Data entries
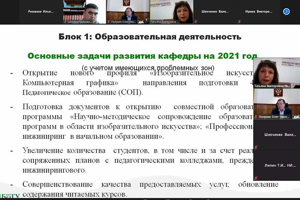 О реализации программы развития кафедры теории, педагогики и методики начального образования и изобразительного искусства на 2019/2022 гг. и задачах на 2021 год сообщила заведующая кафедрой Татьяна Яковлева. Она отметила основные достижения и показатели, сделав акцент на перспективных направлениях деятельности, и, прежде всего, на развитии стратегического партнёрства в рамках международного сотрудничества.
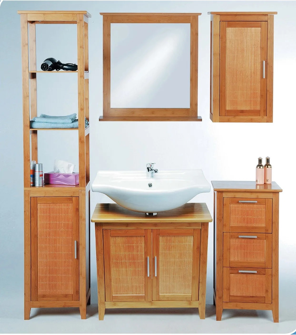 A BAMBUS sorozat Eisl fürdőszobai magas szekrénye tökéletes dizájnjával és kiváló minőségű kidolgozásával nyűgöz le. Fa színének köszönhetően a fürdőszobai szekrény jól illeszkedik a meglévő fürdőszobai berendezésekhez.
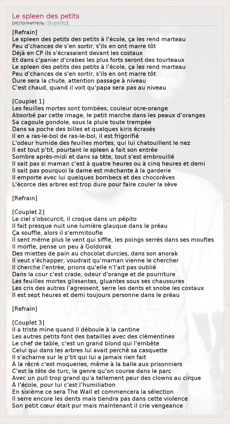 [Refrain] Le spleen des petits des petits à l'école, ça les rend marteau Peu d'chances de s'en sortir, s'ils en ont marre tôt Déjà en CP ils s'écrasaient devant les costaux Et dans c'panier d'crabes les plus forts seront des tourteaux Le spleen des petits des petits à l'école, ça les rend marteau Peu d'chances de s'en sortir, s'ils en ont marre tôt Dure sera la chute, attention passage à niveau C'est chaud, quand il voit qu'papa sera pas au niveau [Couplet 1] Les feuilles mortes sont tombées, couleur ocre-orange Absorbé par cette image, le petit marche dans les peaux d'oranges Sa cagoule gondole, sous la pluie toute trempée Dans sa poche des billes et quelques kiris écrasés Il en a ras-le-bol de ras-le-bol, il est frigorifié L'odeur humide des feuilles mortes, qui lui chatouillent le nez Il est tout p'tit, pourtant le spleen a fait son entrée Sombre après-midi et dans sa tête, tout s'est embrouillé Il sait pas si maman c'est à quatre heures ou à cinq heures et demi Il sait pas pourquoi la dame est méchante à la garderie Il emporte avec lui quelques bombecs et des chocorêves L'écorce des arbres est trop dure pour faire couler la sève [Refrain] [Couplet 2] Le ciel s'obscurcit, il croque dans un pépito Il fait presque nuit une lumière glauque dans le préau Ça souffle, alors il s'emmitoufle Il sent même plus le vent qui siffle, les poings serrés dans ses moufles Il morfle, pense un peu à Goldorak Des miettes de pain au chocolat durcies, dans son anorak Il veut s'échapper, voudrait qu'maman vienne le chercher Il cherche l'entrée, prions qu'elle n'l'ait pas oublié Dans la cour c'est crade, odeur d'orange et de pourriture Les feuilles mortes glissantes, gluantes sous ses chaussures Les cris des autres l'agressent, serre les dents et snobe les costaux Il est sept heures et demi toujours personne dans le préau [Refrain] [Couplet 3] Il a triste mine quand il déboule à la cantine Les autres petits font des batailles avec des clémentines Le chef de table, c'est un grand blond qui l'embête Celui qui dans les arbres lui avait perché sa casquette Il s'acharne sur le p'tit qui lui a jamais rien fait À la récré c'est moqueries, même à la balle aux prisonniers C'est la tête de turc, le genre qu'on course dans le parc Avec un pull trop grand qu'a tellement peur des clowns au cirque À l'école, pour lui c'est l'humiliation En sixième ce sera The Wall et commencera la sélection Il serre encore les dents mais tiendra pas dans cette violence Son petit cœur était pur mais maintenant il crie vengeance
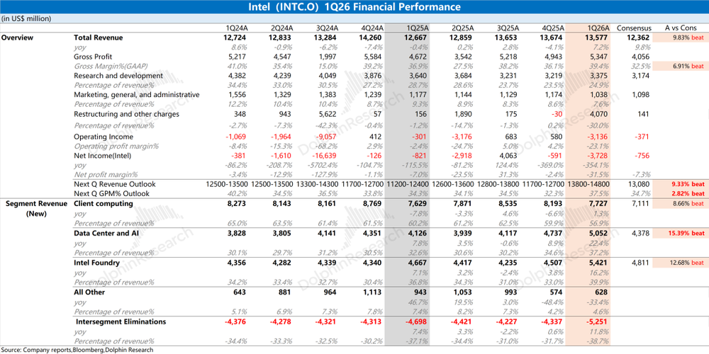 英特尔于北京时间2026年4月24日上午的美股盘后发布了2026年第一季度财报(截止2026年3月),要点如下:
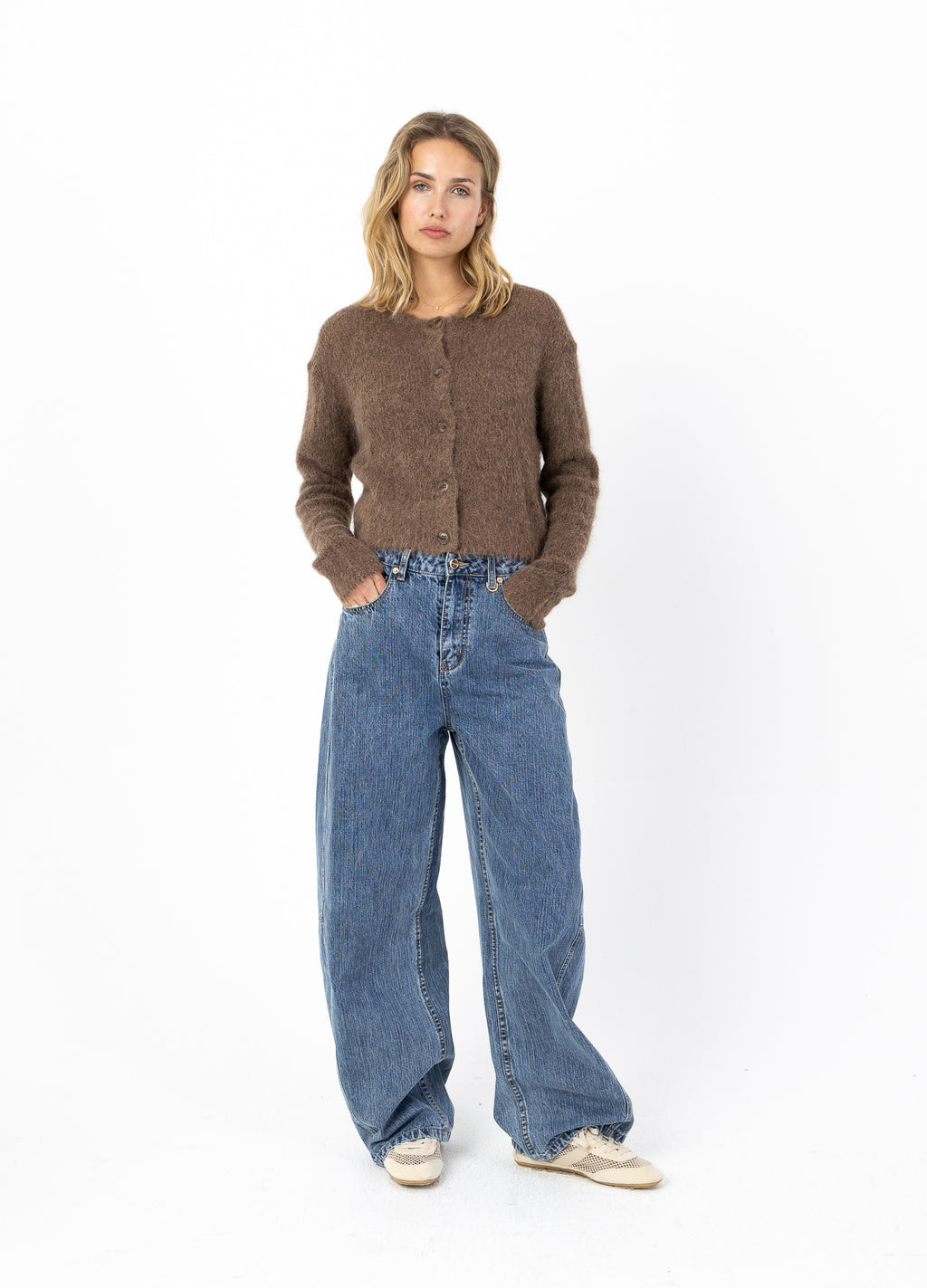 Het model is 173 cm lang en draagt maat S. Ze heeft een borstomvang van 84 cm, een tailleomvang van 65 cm en een heupomvang van 96 cm.

Task: All that is needed is an exact copy of the lines from the top of the entries through the line containing "A BAMBUS sorozat", pictures left out.

Answer box:
 О реализации программы развития кафедры теории, педагогики и методики начального образования и изобразительного искусства на 2019/2022 гг. и задачах на 2021 год сообщила заведующая кафедрой Татьяна Яковлева. Она отметила основные достижения и показатели, сделав акцент на перспективных направлениях деятельности, и, прежде всего, на развитии стратегического партнёрства в рамках международного сотрудничества.
 A BAMBUS sorozat Eisl fürdőszobai magas szekrénye tökéletes dizájnjával és kiváló minőségű kidolgozásával nyűgöz le. Fa színének köszönhetően a fürdőszobai szekrény jól illeszkedik a meglévő fürdőszobai berendezésekhez.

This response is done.